The recent gas deal between TotalEnergies and EPH has sparked intense debate about Europe's energy future. While the partnership aims to address the need for flexible power generation, critics argue it may inadvertently lock the continent into a decade of fossil fuel dependence. The deal, finalized on April 29, grants TotalEnergies a 50% stake in EPH's flexible power generation portfolio across France, Ireland, Italy, the Netherlands, and the UK. This includes 14 gigawatts of operational and under-construction power assets, with 12.5 GW designated for fossil gas-fired plants, equivalent to the combined gas power capacity of Belgium, Denmark, Portugal, and Sweden. The partnership comes with a price tag of around €5.1 billion, making EPH one of TotalEnergies' largest shareholders.
The Beyond Fossil Fuels (BFF) report warns that this venture could deepen Europe's reliance on costly imported fossil gas, increase energy bills, and hinder the clean energy transition. The report highlights that 87% of the joint venture's gas units use combined cycle gas turbine (CCGT) technology, which is less suited for rapid response and flexible demand compared to open cycle gas turbines (OCGT). CCGT plants are designed for sustained, efficient baseload energy generation, and when used for flexible demand, their durability and profitability suffer, leading to increased CO2 and air pollutant emissions.
Despite the concerns, gas still plays a significant role in European grid management. With renewable energy sources like wind and solar experiencing uncontrollable dips, gas-fired plants can quickly ramp up to bridge supply gaps. Natural gas consumption for power generation in Europe rose nearly 8% in 2025, driven by periods of low wind and hydro output.
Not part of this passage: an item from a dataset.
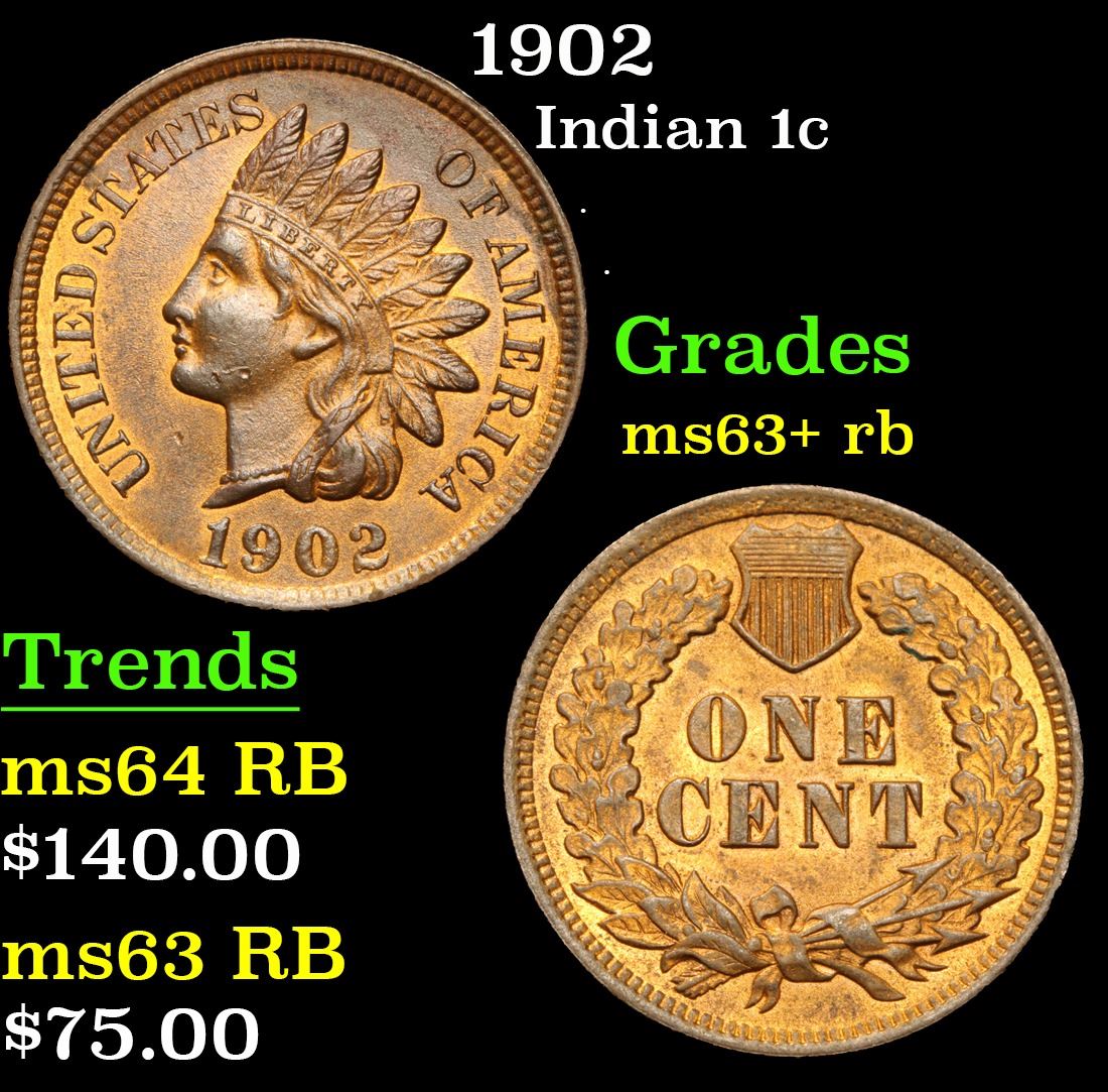 1902 . . Indian Cent 1c Grades Select+ Unc RB.

However, the long-term solution, according to ENTSO-E, lies in storage, smarter grid management, and unlocking flexibility from renewables.
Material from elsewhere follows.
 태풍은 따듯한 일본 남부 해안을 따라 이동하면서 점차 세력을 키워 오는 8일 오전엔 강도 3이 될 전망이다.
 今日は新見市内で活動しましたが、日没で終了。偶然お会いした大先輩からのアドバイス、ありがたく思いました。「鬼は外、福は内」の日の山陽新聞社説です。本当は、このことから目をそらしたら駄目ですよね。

The BFF report also reveals that over €4.08 billion in capacity market subsidies was allocated to the plants in the joint venture between 2015 and 2024. This funding, along with the deal's focus on gas trading, raises concerns about further dependency on fossil gas. TotalEnergies' core gas trading business and its estimated consumption of around two million tonnes of LNG per year suggest a guaranteed internal market for gas, benefiting the company's revenue streams.
Critics, like Brigitte Alarcon from BFF, argue that the deal will engineer further dependency on fossil gas, fueling the climate crisis and destabilizing the economy. The estimated cost of imports over a five-year period could reach €6.68 billion to €7.56 billion, primarily benefiting the US and Russian fossil industries. Additionally, the joint venture's climate emissions could match those of Ireland or Denmark in a year.
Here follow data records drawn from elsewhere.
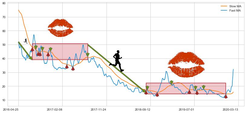 2017-07-26至2018-08-14 慢线与快线呈空头排列, 慢线与快线接触少,无缠绕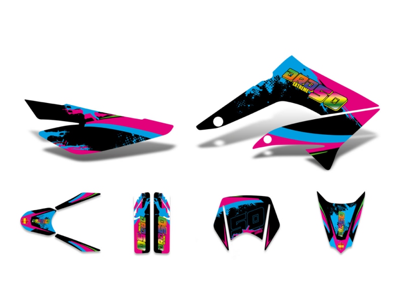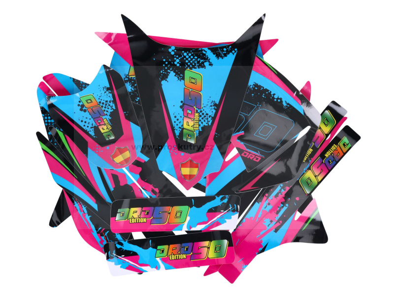 Sada dekorů / samolepek černo-růžovo-modrá lesklá pro Derbi Senda DRD 11-17.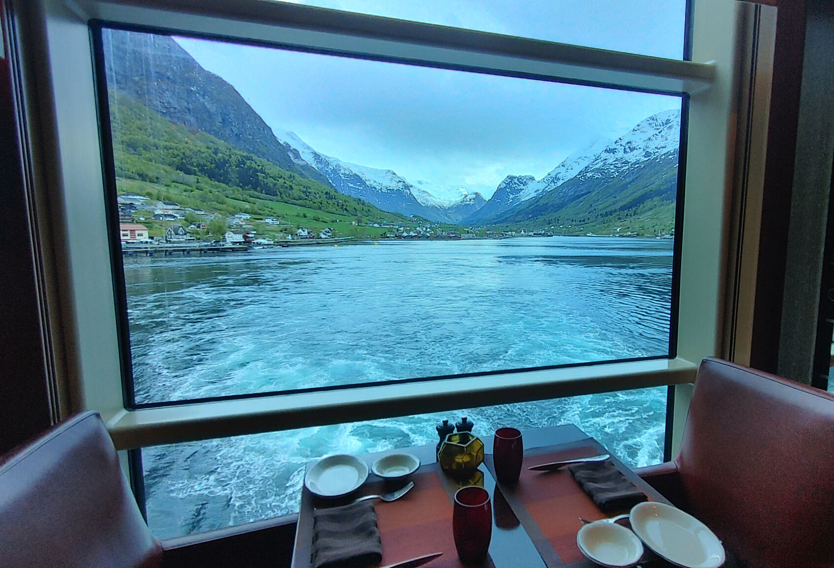 We had a lovely wine tasting and sail away in the Tuscan Grille, which allowed us to enjoy some more of the scenery from this fjord.

The deal's implications for Europe's energy security are concerning. BFF argues that it deepens rather than resolves energy insecurity, substituting dependence on Russian pipeline gas with globally traded LNG, which is still subject to geopolitical disruption and price volatility. As governments strive for a more secure energy future, the warning lights should be flashing for banks, urging them to exclude financial support for gas-fired power plants.
In conclusion, the TotalEnergies-EPH deal raises important questions about Europe's energy strategy. While it may provide short-term flexibility, the long-term consequences could be a prolonged reliance on fossil fuels, hindering the continent's transition to a sustainable energy future.